For this reason, people suffering an attack often go to a hospital emergency room. Because tests can fail to reveal any physical causes of the attacks, families and friends often think the attack victim is pretending to be sick. But experts say people who are struggling with panic disorder are in need of deep understanding.

“Panic disorder should be considered a chronic disease. And families and friends shouldn’t say that they are being weak or they should overcome the disease with mental strength,” Yu said.

Panic disorder could lead to dangerous situations when it is not properly treated.

Jewelry designer Han Kyung-hee, whose name was changed for privacy, was driving her car when she suddenly felt like she was choking and dying. She also felt like her whole body was paralyzed. Her car eventually crashed into guardrail and she broke five ribs.

Recurring panic attacks also might contribute to other problems, such as depression and alcoholism.

The best treatment for now is a combination of cognitive-behavioral therapy and medication. Anti-anxiety and anti-depression drugs calm the nervous system, but they are not a cure.

“There is this man who can’t swim. Then do you want to teach him how to swim or give him just an inflatable rubber tube? The same goes for panic disorder patients,” said Choi Young-hee who runs Metta Institute, a mental health clinic.

“Drugs achieve instant results, but they are like inflatable tubes. About 70 percent of panic disorder patients relapse after they stop medication.”

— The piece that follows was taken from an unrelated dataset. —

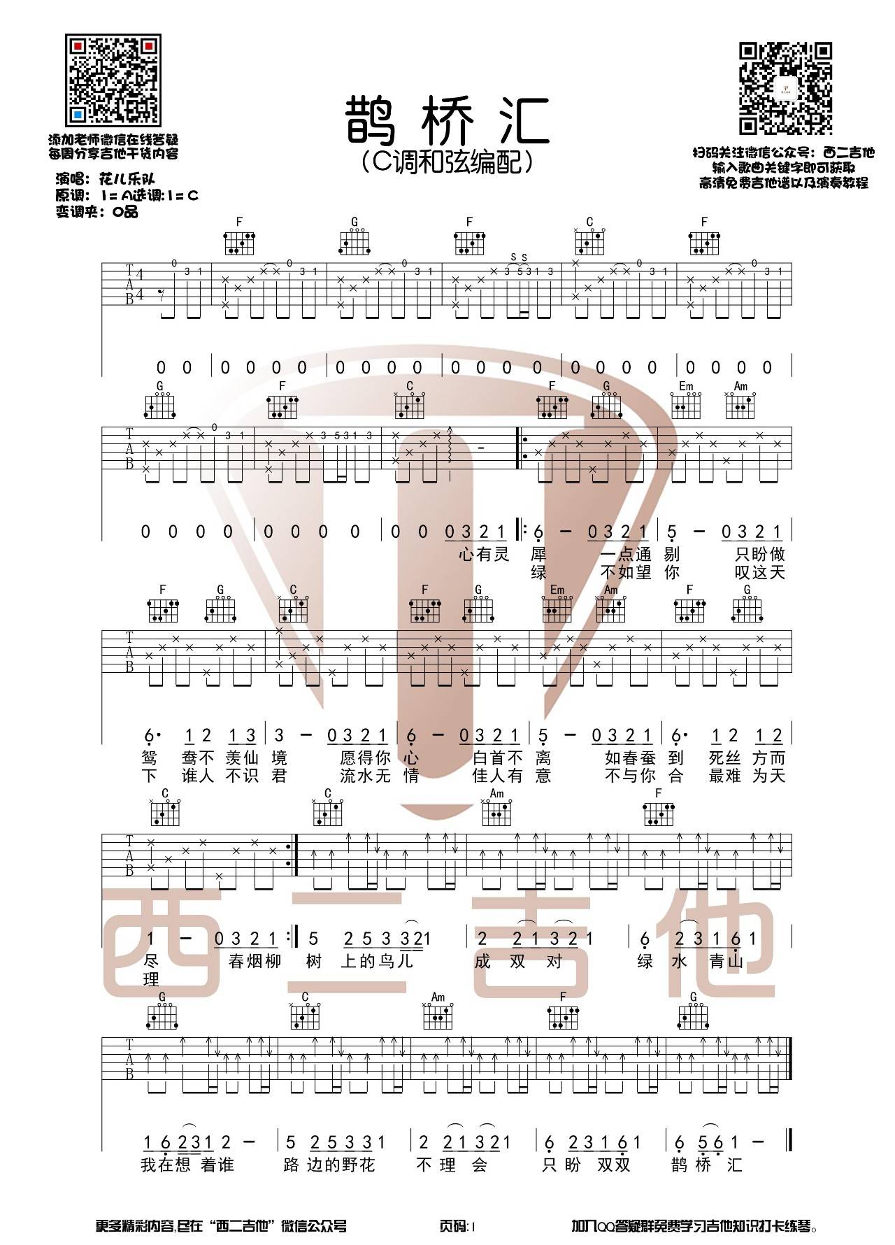 鹊桥汇吉他谱_花儿乐队来自西二吉他编配的《鹊桥汇》吉他谱,分男生和女生两个版本...

That’s why cognitive-behavioral therapy is required. It is designed to help people understand and control the thoughts that induce panic such as “I’m going to die” or “There’s no one I can turn to.”

The most important thing, however, is continuing with therapy and medication.

“Nearly half of the patients stop medication and therapy in six months,” said Yu. “And they get back to their old habits by drinking alcohol and coffee. Then the anxiety disorder recurs.”